Deux jours après l'attaque meurtrière contre un grand hôtel à Bamako, les enquêteurs travaillaient "sur plusieurs pistes" dimanche, à la veille d'un deuil national de trois jours au Mali, qui sera également observé par solidarité par le Sénégal, la Mauritanie et la Guinée.
L'hôtel Radisson Blu a été attaqué vendredi matin par des hommes armés qui y ont retenu quelque 170 clients et employés. Les forces maliennes sont intervenues, avec l'appui d'agents de la Mission de l'ONU au Mali (Minusma), et d'agents français et américains, pour libérer plusieurs dizaines d'otages.
Selon un bilan "définitif" du gouvernement malien, l'attaque a fait 19 morts - 18 clients (dont 14 étrangers identifiés par les autorités de leurs pays) et un gendarme malien - et deux assaillants ont été tués. La Minusma a évoqué samedi "22 personnes tuées, dont deux assaillants", tandis que deux sources militaire et policière maliennes ont parlé à l'AFP de 27 morts sans compter les assaillants.
Depuis la fin de l'assaut, les enquêteurs passent au peigne fin le Radisson Blu à la recherche d'indices. Selon des sources de sécurité et des employés, ils ont déjà récupéré de nombreuses douilles de balles dans l'établissement, toujours sous forte surveillance des forces maliennes, incluant des tireurs d'élite sur les toits.
"Nous sommes sur plusieurs pistes", a déclaré dimanche à l'AFP une source policière malienne, ajoutant que "des objets récupérés" à l'intérieur de l'hôtel "donnent des indications", sans en dire plus.
Trois personnes soupçonnées d'être impliquées dans l'attaque - revendiquée par le groupe jihadiste de l'Algérien Mokhtar Belmokhtar, "avec la participation" d'Al-Qaïda au Maghreb islamique (Aqmi) - sont "activement" recherchées, selon une source de sécurité malienne.
Une autre source au sein du renseignement malien a parlé à l'AFP de "trois à quatre complices", pouvant être des Maliens, qui auraient aidé les assaillants, "des étrangers" à la peau noire - de nationalité indéterminée -, à se fondre dans la population avant qu'ils exécutent leur opération.
De même source, "tout porte à croire que les deux étrangers sont allés de bar en bar pour ne pas être remarqués, et à l'aube (du vendredi), des Maliens pourraient les avoir guidés dans l'attaque du Radisson", hôtel chic fréquenté par des diplomates, des hommes d'affaires et des expatriés.
Le chanteur guinéen Sékouba Bambino Diabaté, rescapé de l'attaque, a affirmé ne pas avoir vu les assaillants mais les avoir entendus communiquer en anglais entre eux, sans être en mesure de pouvoir identifier leur accent.
Selon le ministre français de la Défense Jean-Yves Le Drian, Mokhtar Belmokhtar, recherché et plusieurs fois donné pour mort, est toujours en vie. "Il circule", a-t-il dit.

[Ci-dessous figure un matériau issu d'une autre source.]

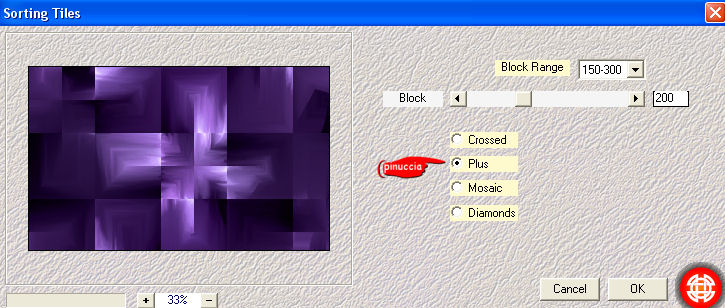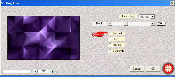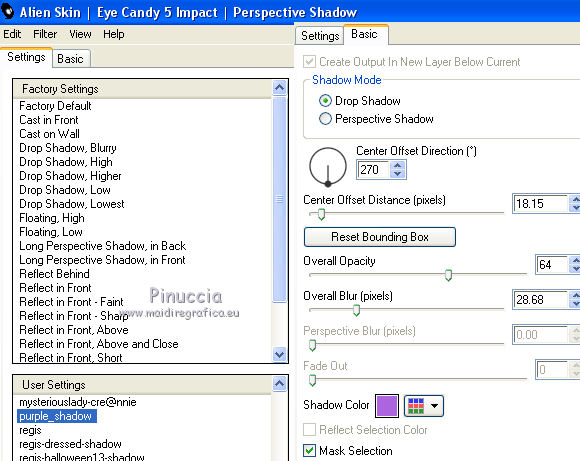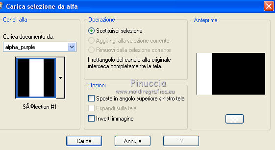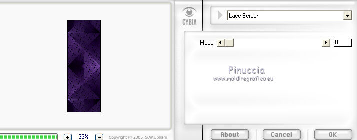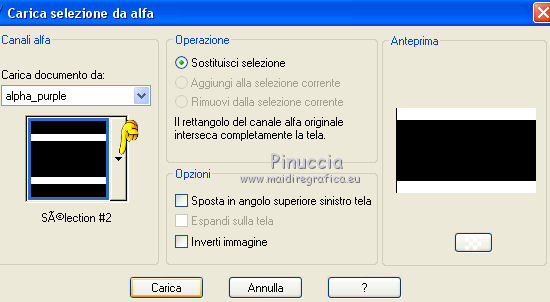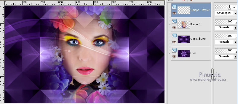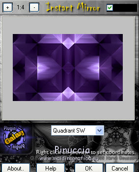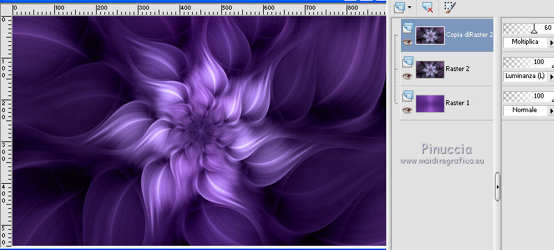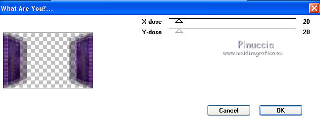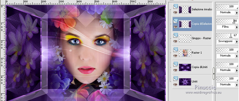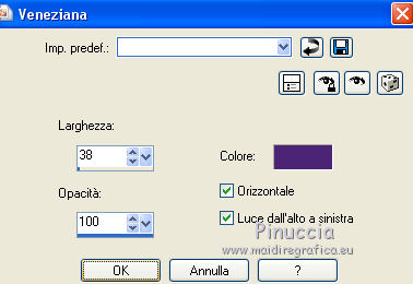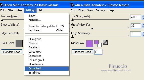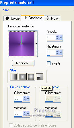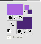 qui puoi trovare qualche risposta ai tuoi dubbi. Se l'argomento che ti interessa non è presente, ti prego di segnalarmelo. Questo tutorial è una creazione di Saturnella e non può essere copiato su altri siti nè essere offerto per il download. Lo stesso vale per la mia traduzione. E' anche proibito togliere il watermark dal materiale; rispettiamo il lavoro dei creatori di tubes, senza i quali non potremmo creare tutorials. Per tradurre questo tutorial, creato con PSP2018, ho usato CorelX, ma può essere eseguito anche con le altre versioni di PSP. Dalla versione X4, il comando Immagine>Rifletti è stato sostituito con Immagine>Capovolgi in orizzontale, e il comando Immagine>Capovolgi con Immagine>Capovolgi in verticale. Nelle versioni X5 e X6, le funzioni sono state migliorate rendendo disponibile il menu Oggetti. Nel nuovo X7 sono tornati i comandi Immagine>Rifletti e Immagine>Capovolgi, ma con nuove funzioni. Vedi la scheda sull'argomento qui Occorrente: Materiale qui Per i tubes grazie Luz Cristina (tube donna) e Mina (tube diore). Per la maschera grazie Ildiko. (in questa pagina trovi i links ai loro siti). Filtri in caso di dubbi, ricorda di consultare la mia sezione filtri qui Filters Unlimited 2.0 qui Mehdi - Sorting Tiles qui Plugin Galaxy - Instant Mirror qui Cybia - Screenworks qui Alien Skin Xenofex 2 - Classic Mosaic qui Alien Skin Eye Candy 5 Impact - Perspective Shadow qui Toadies - What are you qui I filtri Cybia e Toadies si possono usare da soli o importati in Filters Unlimited (come fare vedi qui) Se un filtro fornito appare con questa icona ![]() non esitare a cambiare modalità di miscelatura e opacità secondo i colori utilizzati. Nelle ultime versioni di PSP non c'è il gradiente di primo piano/sfondo (Corel_06_029) Puoi usare i gradienti delle versioni precedenti. Trovi qui i gradienti Corel X. Metti il preset Cliccando sul file una o due volte (a seconda delle tue impostazioni), automaticamente il preset si installerà nella cartella corretta. perchè uno o due clic vedi qui Se preferisci, puoi importare direttamente il preset nel corso del tutorial Come fare vedi la scheda del filtro Eye Candy qui Apri la maschera in PSP e minimizzala con il resto del materiale. Colori utilizzati ![]() 1. Imposta il colore di primo piano con il colore chiaro #ac65de, e il colore di sfondo con il colore scuro #4c2475. ![]() Passa il colore di primo piano a Gradiente di primo piano/sfondo, stile Radiale. ![]() 2. Apri alpha_purple. Finestra>Duplica (o sulla tastiera maiuscola+D) per fare una copia. ![]() Chiudi l'originale. La copia, che sarà la base del tuo lavoro, non è vuota, ma contiene le selezioni salvate sul canale alfa. Riempi l'immagine trasparente con il gradiente.3. Regola>Sfocatura>Sfocatura gaussiana - raggio 50. ![]() 4. Livelli>Nuovo livello raster. Selezione>seleziona tutto. Apri l'immagine fractale, e vai a Modifica>Copia. Torna al tuo lavoro e vai a Modifica>Incolla nella selezione. Selezione>Deseleziona. Cambia la modalità di miscelatura di questo livello in Luminanza (esistente). 5. Livelli>Duplica. Cambia la modalità di miscelatura di questo livello in Moltiplica, e abbassa l'opacità al 60%. ![]() Livelli>Unisci>Unisci visibile. 6. Livelli>Duplica. Effetti>Plugins>Mehdi - Sorting Tiles. ![]() 7. Effetti>Plugins>Mehdi - Sorting Tiles. ![]() 8. Effetti>Plugins>Plugin Galaxy - Instant Mirror. ![]() 9. Apri il tube del viso di Luz Cristina e vai a Modifica>Copia. Torna al tuo lavoro e vai a Modifica>Incolla come nuovo livello. Non spostarlo. E' al suo posto. 10. Imposta il colore di primo piano con il colore bianco. Riempi il livello con il colore bianco.Livelli>Nuovo livello maschera>Da immagine. Apri il menu sotto la finestra di origine e vedrai la lista dei files aperti. Seleziona la maschera di Ildiko ![]() Livelli>Unisci>Unisci gruppo. 11. Immagine>Rifletti. Immagine>Capovolgi. Cambia la modalità di miscelatura di questo livello in Sovrapponi, o altro, e abbassa l'opacità al 67%. ![]() 12. Attiva il livello copia di Uniti (il secondo livello dal basso). Selezione>Carica/Salva selezione>Carica selezione da canale alfa. La selezione sélection#1 è subito disponibile. Devi soltanto cliccare Carica. Selezione>Innalza selezione a livello. Livelli>Disponi>Porta in alto. 13. Effetti>Plugins>Cybia - Screenworks ![]() 14. Livelli>Nuovo livello raster. Apri il tube del fiore di Mina e vai a Modifica>Copia. Torna al tuo lavoro e vai a Modifica>Incolla nella selezione. Abbassa l'opacità di questo livello più o meno al 36%. Livelli>Unisci>Unisci giù. 15. Effetti>Effetti geometrici>Prospettiva orizzontale. ![]() 16. Selezione>Inverti. Premi sulla tastiera il tasto CANC ![]() 17. Di nuovo Selezione>Inverti. 18. Selezione>Modifica>Seleziona bordature selezione. ![]() 19. Riporta il colore di primo piano al colore chiaro iniziale #ac65de. Riempi la selezione con il colore chiaro di primo piano.Effetti>Effetti di trama>Veneziana, con il colore scuro. ![]() Effetti>Effetti di bordo>Aumenta. Selezione>Deseleziona. 20. Livelli>Duplica. Immagine>Rifletti. Livelli>Unisci>Unisci giù. 21. Livelli>Duplica. Effetti>Plugins>Toadies - What are you, con i settaggi standard. ![]() 22. Livelli>Disponi>Sposta giù. Cambia la modalità di miscelatura di questo livello in Filtra, o altro, e abbassa l'opacità all'80%. ![]() 23. Selezione>Carica/Salva selezione>Carica selezione da canale alfa. Apri il menu delle selezioni e carica sélection#2. ![]() Premi sulla tastiera il tasto CANC ![]() Selezione>Deseleziona. 24. Attiva il livello superiore. Effetti>Plugins>Alien Skin Eye Candy 5 Impact - Perspective Shadow. Seleziona il preset purple_shadow e ok Questi i settaggi, in caso di problemi con il preset; se stai usando altri colori sotto Basic imposta il tuo colore chiaro. ![]() 25. Apri il file di testo "texte" e vai a Modifica>Copia. Torna al tuo lavoro e vai a Modifica>Incolla come nuovo livello. Posiziona correttamente il tube.26. Effetti>Effetti 3D>Sfalsa ombra. ![]() 27. Atti

Le jihadiste algérien est soupçonné de séjourner en Libye.
- "Le Mali ne sera jamais seul" -
Quarante-huit heures après le raid meurtrier au Radisson Blu, des mesures de sécurité ont été renforcées aux abords des grands hôtels. Un renforcement de sécurité plus discret était également visible devant des mairies d'arrondissement et des banques.
Le président sénégalais Macky Sall, dont un compatriote a été tué dans l'attaque, a effectué dimanche une visite de quelques heures à Bamako pour, a-t-il expliqué, exprimer au Mali le soutien de son pays, mais aussi de la Communauté économique des Etats de l'Afrique de l'Ouest qu'il préside.
"Le Mali ne sera jamais seul dans ce combat, nous sommes tous engagés parce que nous sommes tous concernés", a-t-il dit.
Lors d'une conférence de presse commune avec le président malien Ibrahim Boubacar Keïta, il a annoncé que le Sénégal, la Guinée et la Mauritanie, tous voisins du Mali, observeront trois jours de deuil national, en même temps que les Maliens, en mémoire des victimes de l'attaque.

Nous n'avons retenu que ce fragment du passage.